Ingestion, Searching, Live Tail, Alerting, Graphing, and Timelines Delays

Mezmo experienced a critical incident on January 26, 2022 affecting Log Ingestion (Agent/REST API/Code Libraries) and Log Ingestion (Heroku) and 1 more component, lasting 1h 5m. The incident has been resolved; the full update timeline is below.

Started: Jan 26, 2022, 04:10 PM UTC
Resolved: Jan 26, 2022, 05:15 PM UTC
Duration: 1h 5m
Detected by Pingoru: Jan 26, 2022, 04:10 PM UTC

Affected components

Log Ingestion (Agent/REST API/Code Libraries)Log Ingestion (Heroku)Log Ingestion (Syslog)Web AppSearchAlertingLivetail

Update timeline

investigating Jan 26, 2022, 04:10 PM UTC

Ingestion services are currently halted. Customers will also experience delays with Searching, Live Tail, Alerting, Graphing, and Timelines.
investigating Jan 26, 2022, 04:23 PM UTC

We are continuing to investigate this issue.
monitoring Jan 26, 2022, 04:58 PM UTC

We have implemented a fix and are monitoring the results. Logs are being ingested again and all services are operational.
resolved Jan 26, 2022, 05:15 PM UTC

This incident has been resolved. All services are operational.
postmortem Jan 31, 2022, 08:14 PM UTC

**Dates:** Start Time: Wednesday, January 26, 2022, at 15:45:00 UTC End Time: Wednesday, January 26, 2022, at 16:30:00 UTC Duration: 00:45:00 ‌ **What happened:** Ingestion was halted and newly submitted logs were not immediately available for Alerting, Live Tail, Searching, Graphing, and Timelines.

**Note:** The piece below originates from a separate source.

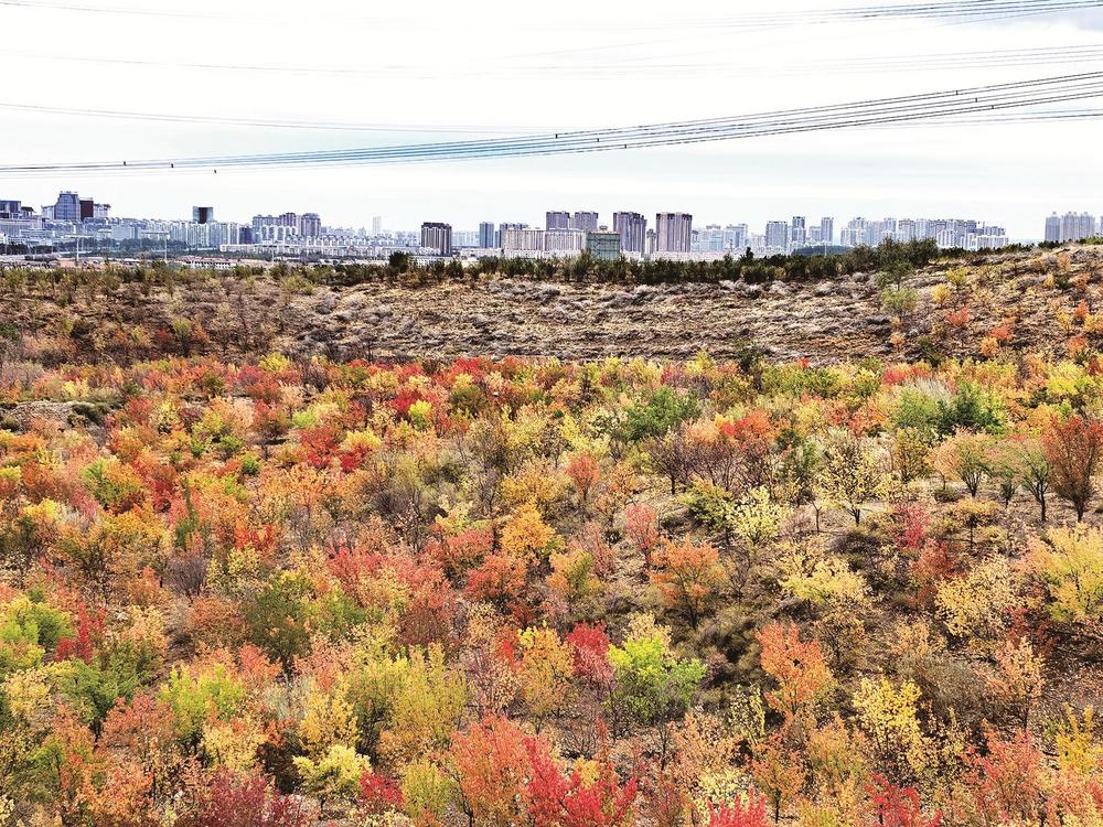 如果說黃河岸邊的秋景是溫柔的,那么甘德爾山的秋景則多了幾分豪邁與壯闊。沿著登山步道向上攀登,山路兩旁的灌木叢已經(jīng)變成了紅色、黃色、橙色,五彩斑斕,層層疊疊,像大自然打翻了調(diào)色盤。站在山頂俯瞰,整個(gè)烏海市區(qū)盡收眼底,黃河像一條金色的絲帶纏繞在城市邊緣。秋風(fēng)在耳邊呼嘯,帶著山間的清涼,讓人瞬間忘卻了城市的喧囂與煩惱。

Some alerts were never triggered. Once ingestion had resumed, LogDNA agents running on customer environments resent all locally cached logs to our service for ingestion. No data was lost. ‌ **Why it happened:** Our Redis database had a failover and the services that depend on it were unable to recover automatically. Normally, the pods running our ingestion service deliberately crash until they are able to access Redis again. However, these pods were in a bad state and unable to reconnect when Redis returned. Since ingestion was halted, newly submitted logs were not passed on to many downstream services, such as Alerting, Live Tail, Searching, Graphing, and Timelines. ‌ **How we fixed it:** We manually restarted all the pods of our ingestion service, then restarted all the sentinel pods of Redis. The ingestion service became operational again and logs were passed on to all downstream services. Over a short period of time, these services processed the backlog of logs and newly submitted logs were again available without delays. ‌ **What we are doing to prevent it from happening again:** The ingestion pods were in a bad state because they had not been restarted after a configuration change made several days earlier, for reasons unrelated to this incident. The runbook for making such configuration changes has been updated to prevent this procedural failure in the future. We’re also in the middle of a project to make all services more tolerant of Redis failovers.